In a two-year trial, stamp duty will be abolished for people who buy an apartment off the plan for under $500,000. Properties valued over $500,000 will get a capped concession. After two years it will be trimmed back.
Speaking to ABC News in Adelaide, South Australian Premier Jay Weatherill said: "This is going to be a real impetus for investment in our CBD in apartment dwelling".
The Property Council of South Australia's Nathan Pine welcomes the stamp duty cuts but says they could go further.
"I think that perhaps in the future we should look at the inner metropolitan area once the rezonings in those places are done," he said.
Adelaide City Councillor Sandy Wilkinson is urging the government not to rush the process: "The whole notion of city living in apartments could be sullied by an oversupply of poorly-designed apartments".
In another budget leak, the first home bonus grant for new homes in the State will be extended for the next 12 months.

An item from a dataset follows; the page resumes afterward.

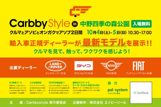 株式会社エイビーリール(東京都)は、2026年3月21日(土)・22日(日)の2日間、八王子えきまえテラスにて、最新の輸入自動車や電気自動車(EV)が一堂に集結する展示イベント「CarbbyStyle(カービースタイル)」第4弾を開催いたします。

While concessions and grants are a welcome stimulus for the housing market, RateCity spokesperson Michelle Hutchison has warned borrowers against rushing into the property market too early just to take advantage of incentives.
"There may be a place for government grants and concessions, but borrowers shouldn’t let changes to rules motivate their decision to enter the property market unless they are in a good financial position. Instead, borrowers should aim to save at least 10 percent deposit, if not more," she said.
"The lure of a government concession or grant means very little over the 25 year life of a loan; saving longer for a deposit can far outweigh the perceived benefits."
The announcement comes just weeks after the Real Estate Institute of NSW proposed a "pay-as-you-go" stamp duty plan in a bid to kick-start the state's property market.
Under the proposed plan, buyers would pay off their tax bill over three years. The Institute says the government would be "protected", with stamp duty guaranteed against the property in the same way as unpaid land tax.